- **THE DATA**:

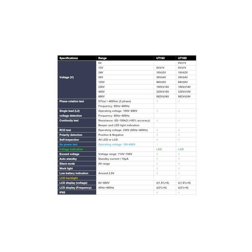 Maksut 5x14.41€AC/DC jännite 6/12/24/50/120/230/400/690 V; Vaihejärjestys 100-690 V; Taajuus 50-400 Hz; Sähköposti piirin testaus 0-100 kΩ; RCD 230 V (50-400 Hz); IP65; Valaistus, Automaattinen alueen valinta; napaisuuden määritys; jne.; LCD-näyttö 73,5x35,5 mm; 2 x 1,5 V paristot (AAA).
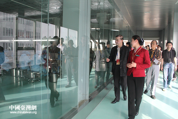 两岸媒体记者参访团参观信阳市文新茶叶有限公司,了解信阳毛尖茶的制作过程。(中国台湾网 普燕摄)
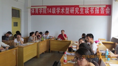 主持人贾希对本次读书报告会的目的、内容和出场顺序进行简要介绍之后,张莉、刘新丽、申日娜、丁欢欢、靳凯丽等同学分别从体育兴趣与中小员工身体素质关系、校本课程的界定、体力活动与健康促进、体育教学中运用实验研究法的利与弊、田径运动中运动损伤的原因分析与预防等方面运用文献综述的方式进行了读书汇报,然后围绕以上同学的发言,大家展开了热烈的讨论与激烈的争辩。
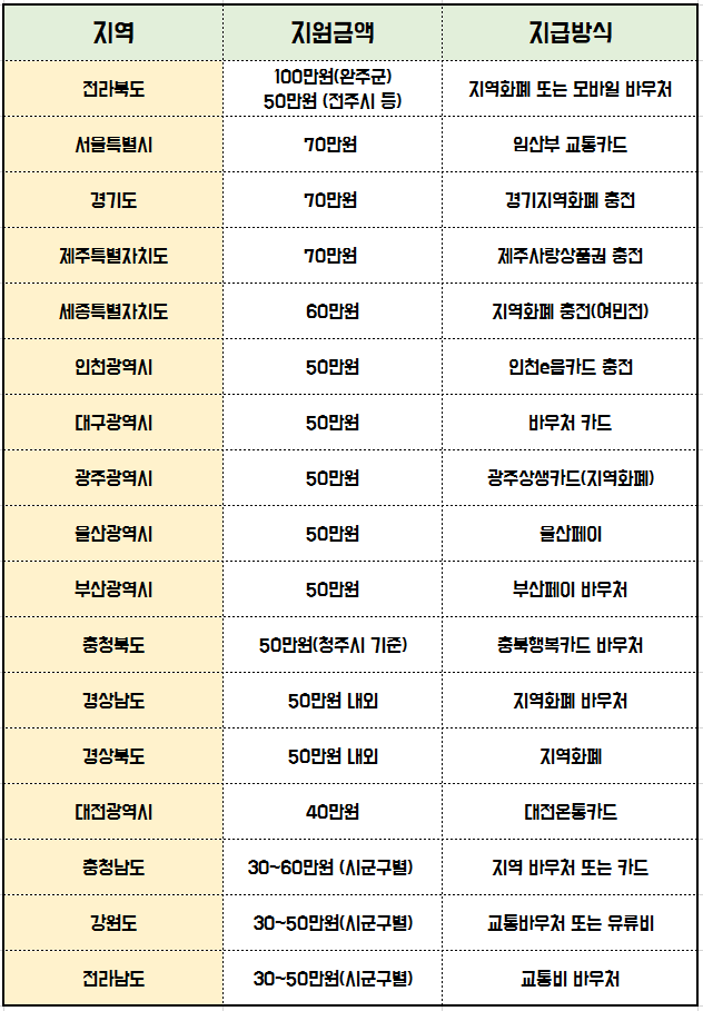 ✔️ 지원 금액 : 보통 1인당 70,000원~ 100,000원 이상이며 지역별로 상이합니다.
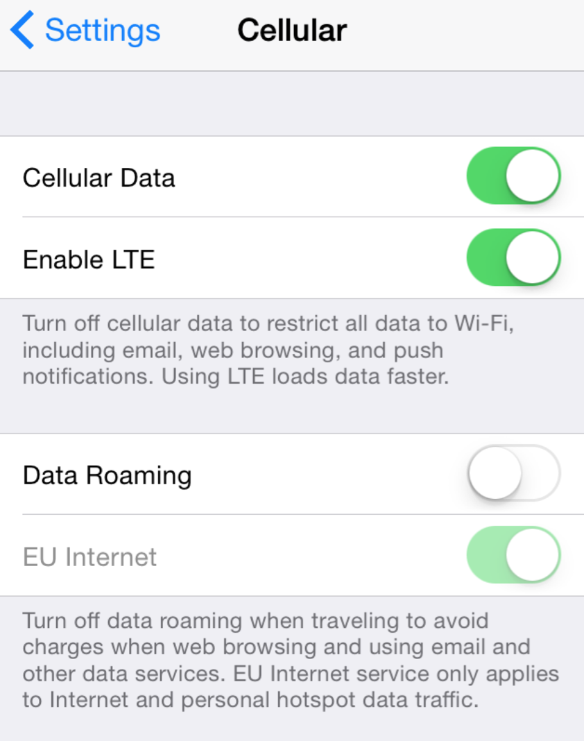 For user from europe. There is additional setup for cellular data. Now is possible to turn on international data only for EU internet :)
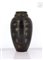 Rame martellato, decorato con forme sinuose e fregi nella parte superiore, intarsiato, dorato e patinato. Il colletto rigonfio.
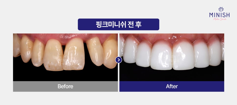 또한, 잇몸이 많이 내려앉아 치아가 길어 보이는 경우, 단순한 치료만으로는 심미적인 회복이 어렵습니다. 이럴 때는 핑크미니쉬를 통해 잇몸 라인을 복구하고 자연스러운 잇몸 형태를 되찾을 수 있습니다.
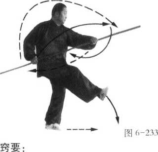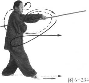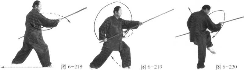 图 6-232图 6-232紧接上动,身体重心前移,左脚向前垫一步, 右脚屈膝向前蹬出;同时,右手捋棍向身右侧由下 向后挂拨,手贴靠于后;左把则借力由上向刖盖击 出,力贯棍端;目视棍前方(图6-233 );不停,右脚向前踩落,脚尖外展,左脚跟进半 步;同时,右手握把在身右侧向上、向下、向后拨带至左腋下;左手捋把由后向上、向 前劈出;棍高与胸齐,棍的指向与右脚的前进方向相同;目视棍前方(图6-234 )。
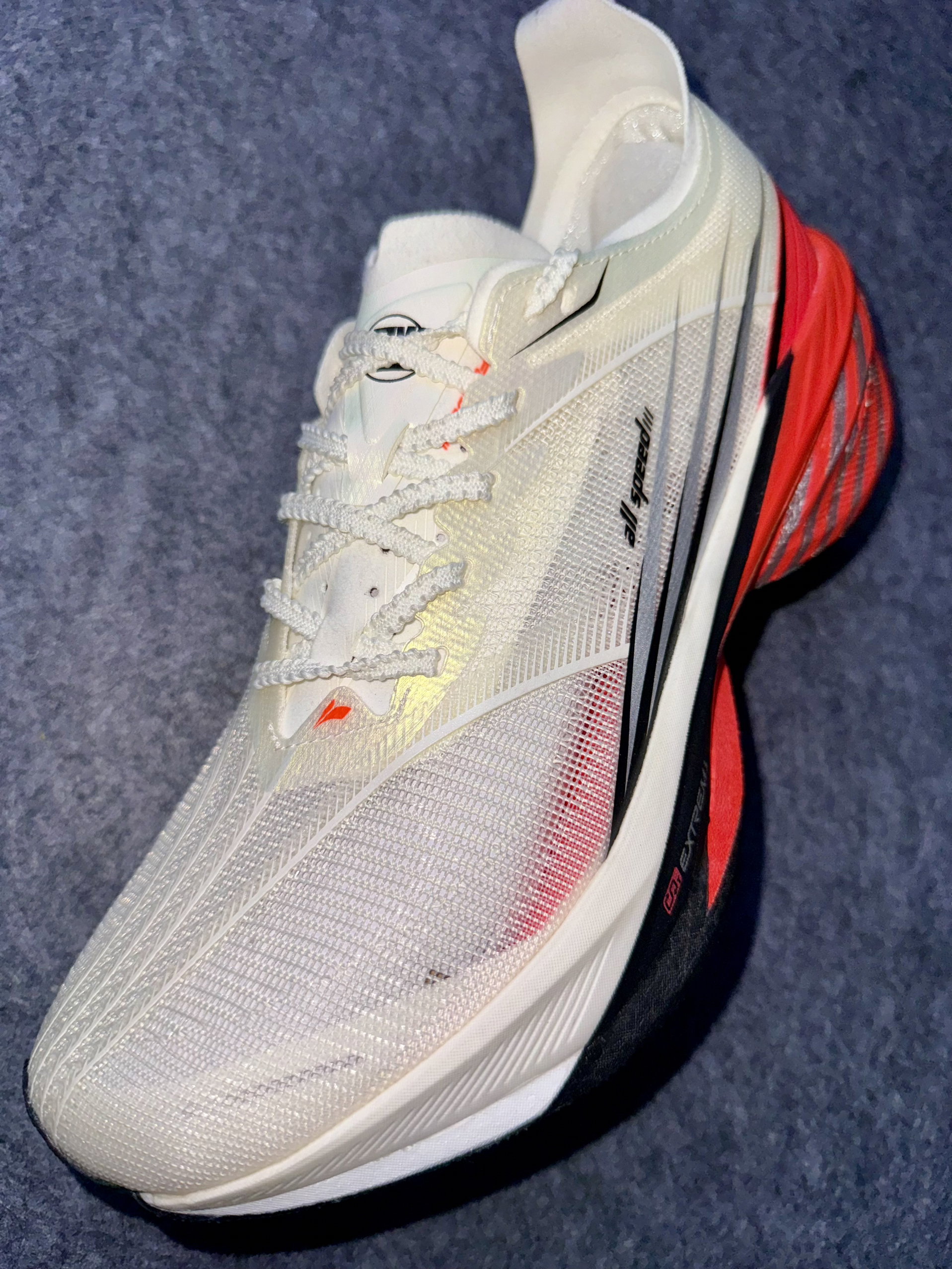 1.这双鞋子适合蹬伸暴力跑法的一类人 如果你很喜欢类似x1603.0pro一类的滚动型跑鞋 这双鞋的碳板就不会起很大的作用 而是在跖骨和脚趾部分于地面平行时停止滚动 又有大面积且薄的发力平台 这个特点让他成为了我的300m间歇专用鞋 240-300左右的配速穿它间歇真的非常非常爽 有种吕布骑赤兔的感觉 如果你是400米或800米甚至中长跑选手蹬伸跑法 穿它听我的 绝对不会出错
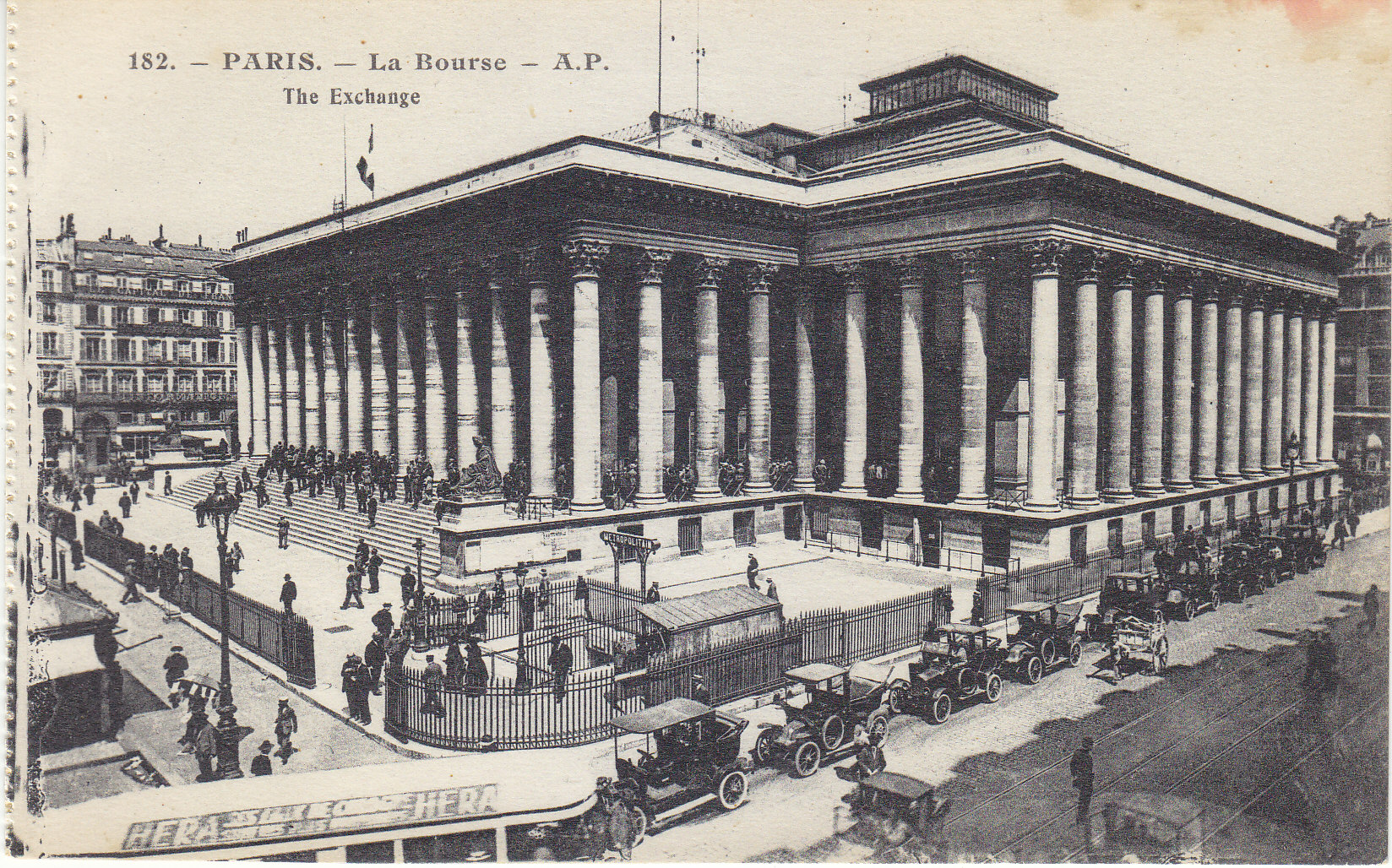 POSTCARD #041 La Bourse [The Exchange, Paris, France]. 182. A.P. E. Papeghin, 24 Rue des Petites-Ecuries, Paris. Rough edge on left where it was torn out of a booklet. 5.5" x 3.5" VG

- **WORK TO COMPLETE**: All entries are to be retyped exactly. Omit any embedded images.

- **SOLUTION TO THE EXERCISE**:
 Maksut 5x14.41€AC/DC jännite 6/12/24/50/120/230/400/690 V; Vaihejärjestys 100-690 V; Taajuus 50-400 Hz; Sähköposti piirin testaus 0-100 kΩ; RCD 230 V (50-400 Hz); IP65; Valaistus, Automaattinen alueen valinta; napaisuuden määritys; jne.; LCD-näyttö 73,5x35,5 mm; 2 x 1,5 V paristot (AAA).
 两岸媒体记者参访团参观信阳市文新茶叶有限公司,了解信阳毛尖茶的制作过程。(中国台湾网 普燕摄)
 主持人贾希对本次读书报告会的目的、内容和出场顺序进行简要介绍之后,张莉、刘新丽、申日娜、丁欢欢、靳凯丽等同学分别从体育兴趣与中小员工身体素质关系、校本课程的界定、体力活动与健康促进、体育教学中运用实验研究法的利与弊、田径运动中运动损伤的原因分析与预防等方面运用文献综述的方式进行了读书汇报,然后围绕以上同学的发言,大家展开了热烈的讨论与激烈的争辩。
 ✔️ 지원 금액 : 보통 1인당 70,000원~ 100,000원 이상이며 지역별로 상이합니다.
 For user from europe. There is additional setup for cellular data. Now is possible to turn on international data only for EU internet :)
 Rame martellato, decorato con forme sinuose e fregi nella parte superiore, intarsiato, dorato e patinato. Il colletto rigonfio.
 또한, 잇몸이 많이 내려앉아 치아가 길어 보이는 경우, 단순한 치료만으로는 심미적인 회복이 어렵습니다. 이럴 때는 핑크미니쉬를 통해 잇몸 라인을 복구하고 자연스러운 잇몸 형태를 되찾을 수 있습니다.
 图 6-232图 6-232紧接上动,身体重心前移,左脚向前垫一步, 右脚屈膝向前蹬出;同时,右手捋棍向身右侧由下 向后挂拨,手贴靠于后;左把则借力由上向刖盖击 出,力贯棍端;目视棍前方(图6-233 );不停,右脚向前踩落,脚尖外展,左脚跟进半 步;同时,右手握把在身右侧向上、向下、向后拨带至左腋下;左手捋把由后向上、向 前劈出;棍高与胸齐,棍的指向与右脚的前进方向相同;目视棍前方(图6-234 )。
 1.这双鞋子适合蹬伸暴力跑法的一类人 如果你很喜欢类似x1603.0pro一类的滚动型跑鞋 这双鞋的碳板就不会起很大的作用 而是在跖骨和脚趾部分于地面平行时停止滚动 又有大面积且薄的发力平台 这个特点让他成为了我的300m间歇专用鞋 240-300左右的配速穿它间歇真的非常非常爽 有种吕布骑赤兔的感觉 如果你是400米或800米甚至中长跑选手蹬伸跑法 穿它听我的 绝对不会出错
 POSTCARD #041 La Bourse [The Exchange, Paris, France]. 182. A.P. E. Papeghin, 24 Rue des Petites-Ecuries, Paris. Rough edge on left where it was torn out of a booklet. 5.5" x 3.5" VG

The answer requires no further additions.